The first half of the 1900s saw the acquisition of four smaller collieries but the most important event was the sinking of the Mary pit on the recently purchased Lochore estate, with its eventual output of 250,000 tons a year. With the absorption of eight further companies, it had become the largest operator in the field in Fife by 1909. The increasing output from these newer large pits, together with purchase of the Donibristle Colliery in 1908 and Bowhill in 1909, doubled output in a decade, reaching 4.4m. tons in 1911, with 14,500 employees. By 1913, it was the largest mining industry employer in Scotland and the third-largest in the United Kingdom. The company was now responsible for almost half of the Fife Coalfield output but this proved to be its peak.

===The Inter-war Years===

If the period from its formation to World War I had been one of almost uninterrupted growth, the inter-war years was a more troubled time and output never regained its former levels. The First World War was a major disruption. A quarter of its workforce joined the military, affecting production. On the sales side, half of its coal output had been exported and this halved by the end of 1915. In March 1916, the government took control of all the collieries in the county and this was not relinquished until after the war. In 1920 the coal industry hit a “high wave of prosperity” with “exports at unprecedented prices”. This was short-lived and 1921 saw a slump in prices; coal owners lost money and pressurised miners to accept lower wages, leading to a national dispute. “Fife collieries suffered badly at the hands of the extremists” as even safety men were called out. Pumping was suspended and the damage from flooding meant that some pits took months to recover after the ending of the dispute. Fife Coal's output fell by a million tons.

Charles Carlow died in January 1923, succeeded by Augustus Carlow as managing director. But there was no immediate change to the company's expansionary plans. In that same year, the Earl of Rosslyn’s collieries, with a potential output of 500,000 tons, was bought, followed by Oakley Collieries in 1924. That proved to be the last purchase. The British coal industry faced increasing problems in its export markets in the face of competition from France, Germany and Poland, all with lower wages. The lack of competitiveness was exacerbated in April 1925 by the return to the gold standard at a high valuation for sterling. Fife Coal itself was losing money and the pressure on the miners to accept lower wages culminated in the miners strike at the beginning of May 1926. Two days later the TUC called a general strike in support of the miners. After nine days the general strike was called off but the miners struggled on until November.

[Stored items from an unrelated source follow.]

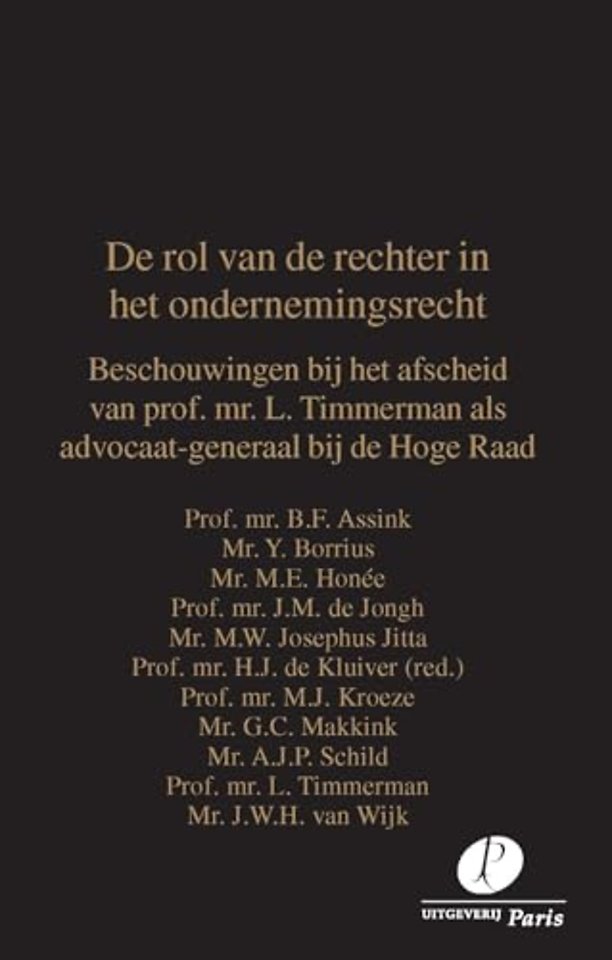 Dit boek is niet slechts ontstaan bij en naar aanleiding van het afscheid van prof. mr. L. (Vino) Timmerman als advocaat-generaal bij de Hoge Raad, en een symposium dat bij die gelegenheid in het gebouw van de Hoge Raad plaatsvond, maar had ongetwijfeld ook een andere inhoud gehad als Timmerman niet de afgelopen 17 jaar als advocaat-generaal de belangrijkste adviseur van de Hoge Raad zou zijn geweest op het terrein van het ondernemingsrecht. In die 17 jaar hebben de vele conclusies van zijn hand, en de daarin vervatte en daarmee geïmpliceerde adviezen aan de Hoge Raad, immers groot gezag gehad en de ontwikkeling van het ondernemingsrecht zeer beïnvloed.
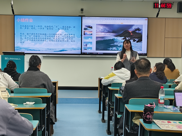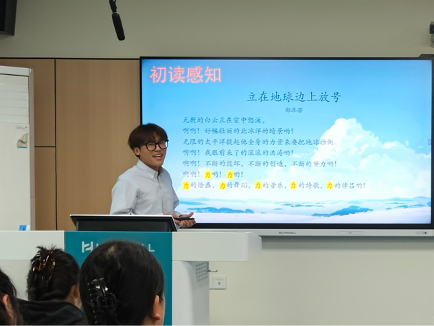 赛后,评委雷胜红老师对所有参赛选手的表现进行逐一点评。她首先充分肯定了选手们在比赛中展现出的突出优势:授课举止大方、感情充沛、声音洪亮,教学重难点把握精准,教学设计富有新意。同时,针对选手们在实践中的不足,提出了四点建设性指导意见:第一,要注重微课选点,建议精读文本,立足课本与学情;第二,要关注教学语言等教学细节;第三,要重视课堂师生互动;第四,建议进行教学反思,以复盘促提升,持续优化教学实践。雷老师的点评如同一盏明灯,不仅为参赛选手和在场的全体同学照亮了前进的道路,也为今后的教学实践提供了宝贵的参考和指导。
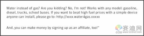 低迷的房地产市场并非垃圾邮件的唯一的目标。随着燃料价格的上涨,赛门铁克观察到与汽油/燃料相关的垃圾邮件数量激增。比如,这些邮件声称提供免费的汽油或汽油充值卡和产品,可以实现每加仑行驶更远的距离,从而降低总体的汽油消费。在新近的例子中,垃圾邮件发送者声称只要拥有一个特殊的装置,收件人可以使用水替代汽油作为车辆的燃料,以对抗高油价压力。
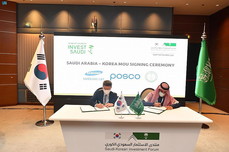 Riyadh, Jan. 19, 2022, SPA -- The Public Investment Fund (PIF) in Saudi Arabia, POSCO and Samsung C&T signed here today a tripartite memorandum of understanding aimed at developing a project to produce green hydrogen for export purposes. The event took place on the sidelines of the Saudi-Korean Investment Forum, which was held in Riyadh, during the visit of the President of the Republic of Korea to the Kingdom.
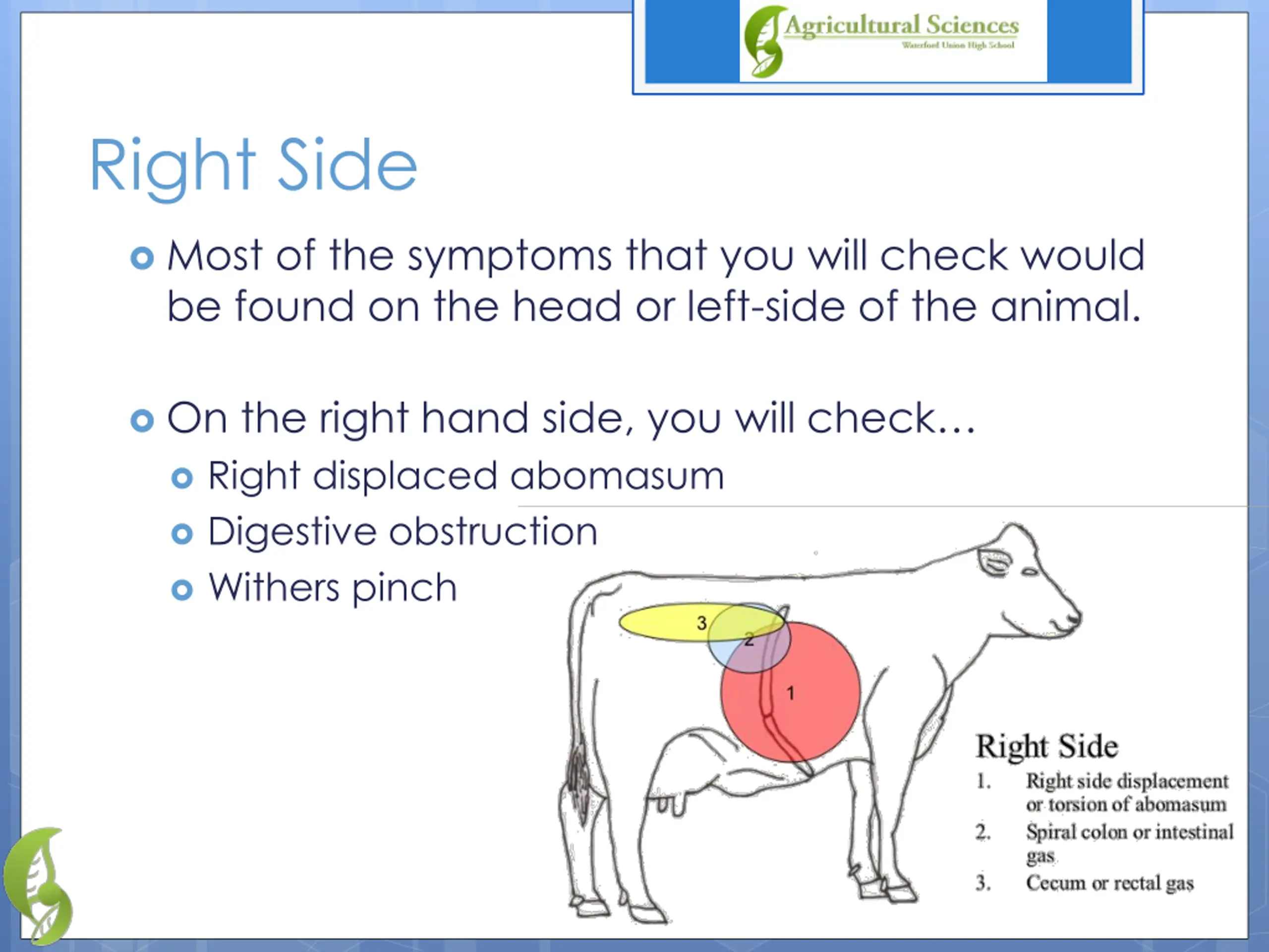 Right Side Most of the symptoms that you will check would be found on the head or left-side of the animal. On the right hand side, you will check Right displaced abomasum Digestive obstruction Withers pinch
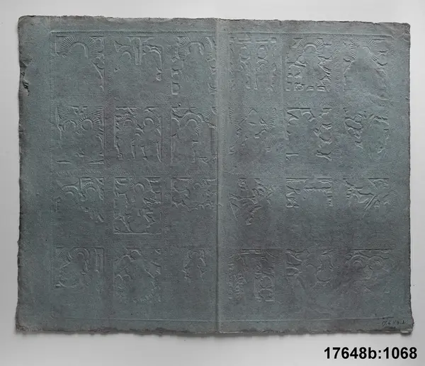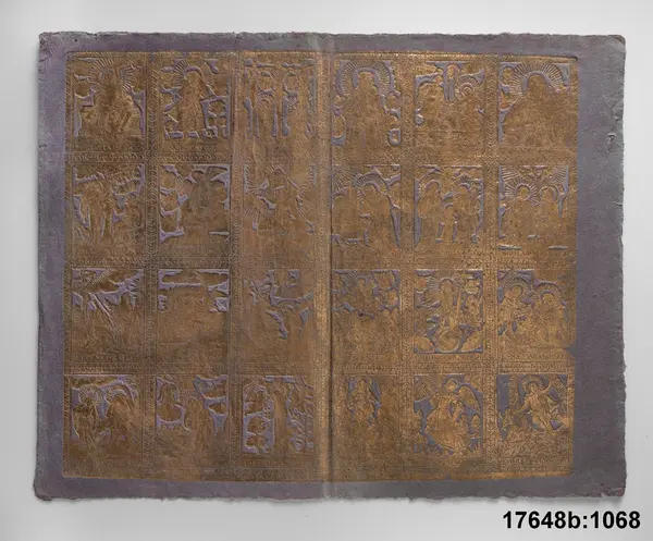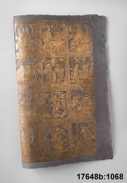 B.1068 Pappersark, dubbelvikt, 45 x 35,5 cm; prov på dekorationspapper med guldpressat mönster på lilafärgad botten föreställande 24 scener ur gamla testamentet och Jesu liv, sign: =MICHAEL REYMUND IN NURNBERG'."
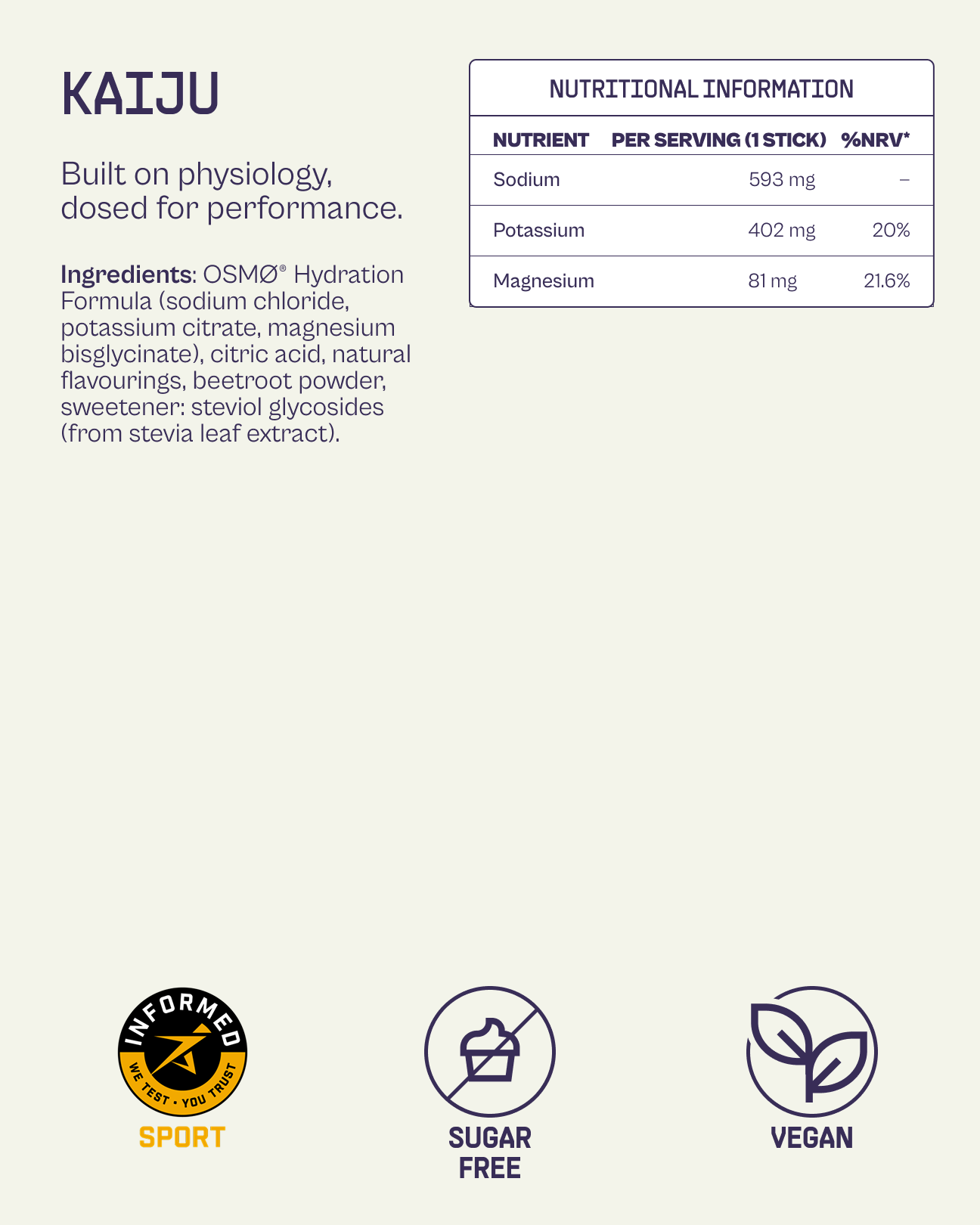 Kaiju is a zero-sugar electrolyte drink mix with everything you need and nothing you don’t. We use meaningful doses of the key electrolytes you actually lose in sweat, especially sodium, potassium and magnesium, instead of sprinkling tiny amounts across a long ingredient list. Most “sports drinks” are built around sugar, artificial colours, fillers and marketing claims. Kaiju is built around physiology: high-performance electrolytes, no junk, and a formula you can use every day without worrying about hidden & harmful ingredients.
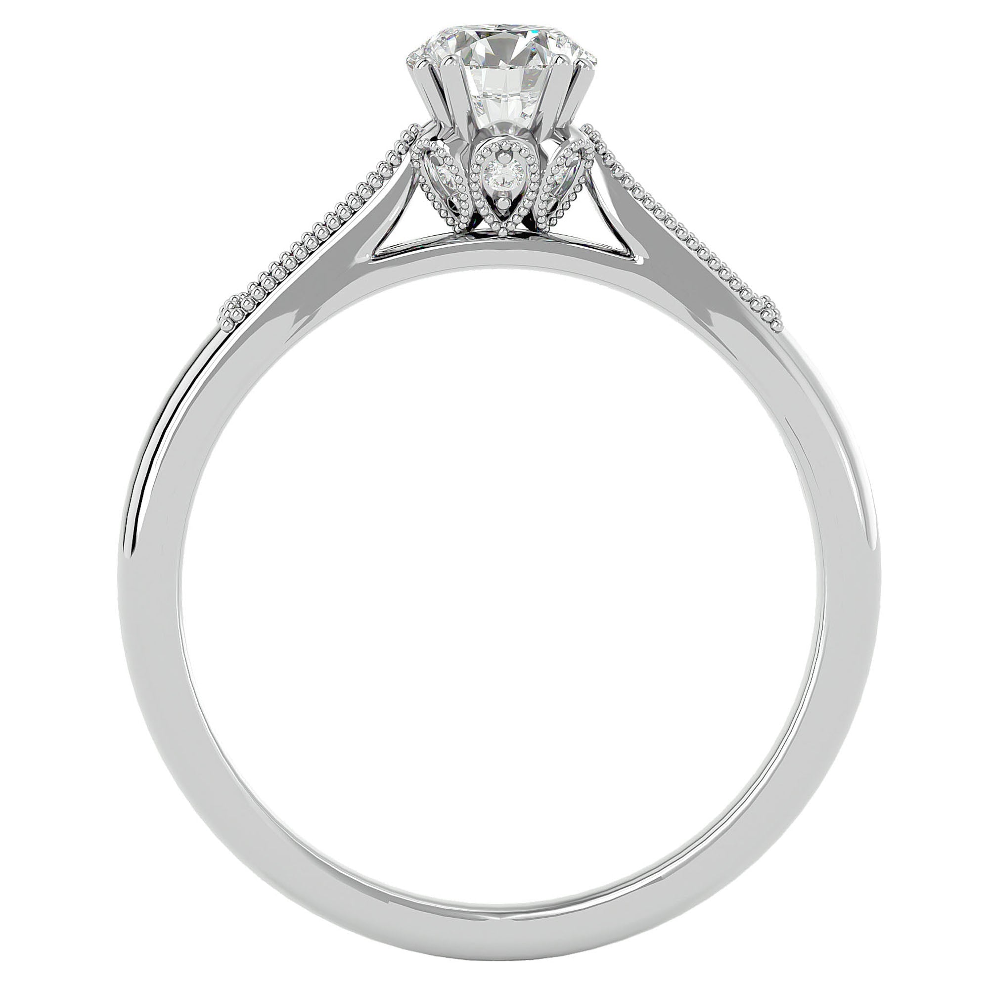 Designul acestui inel este o adevărată capodoperă, având în centru un diamant solitaire strălucitor de 0.77 ct, înconjurat de un pavé delicat de diamante create în laborator. Fiecare diamant, selectat cu grijă, emană o strălucire intensă, capturând și reflectând lumina într-un dans fermecător de sclipiri. Solitaire-ul Etern Pavé simbolizează iubirea pură și legătura indestructibilă dintre două suflete, transformând acest inel într-o declarație de stil și rafinament.

Fife Coal was still losing money well into 1927 but foreign competition began to wane and in 1929 exports reached 2.5m tons out of total output of almost 4m. tons – the highest since 1913. This did not last long and the start of the depression in 1930 led to pit closures and a substantial fall in profits. There was a recognition that the company needed to operate on more productive seams. Work began in 1935 at Comrie with belief that it could produce 1m tons a year. (It eventually came on stream in 1940). WWII meant the almost total loss of the company's export markets. On the advent of peace, there was a substantial recovery of output to 3m tons in 1946, and the Fife Coal Company claimed to be the largest coal mining company in Scotland. Long-term plans were for an ambitious increase in output to 6.25m. tons by the early 1960s but this was soon overtaken by the nationalisation plans of the Labour Government. On the last day of 1946 the company was disestablished and the mining property and assets of Fife Coal were transferred to the National Coal Board the next day. The company was wound up in 1952.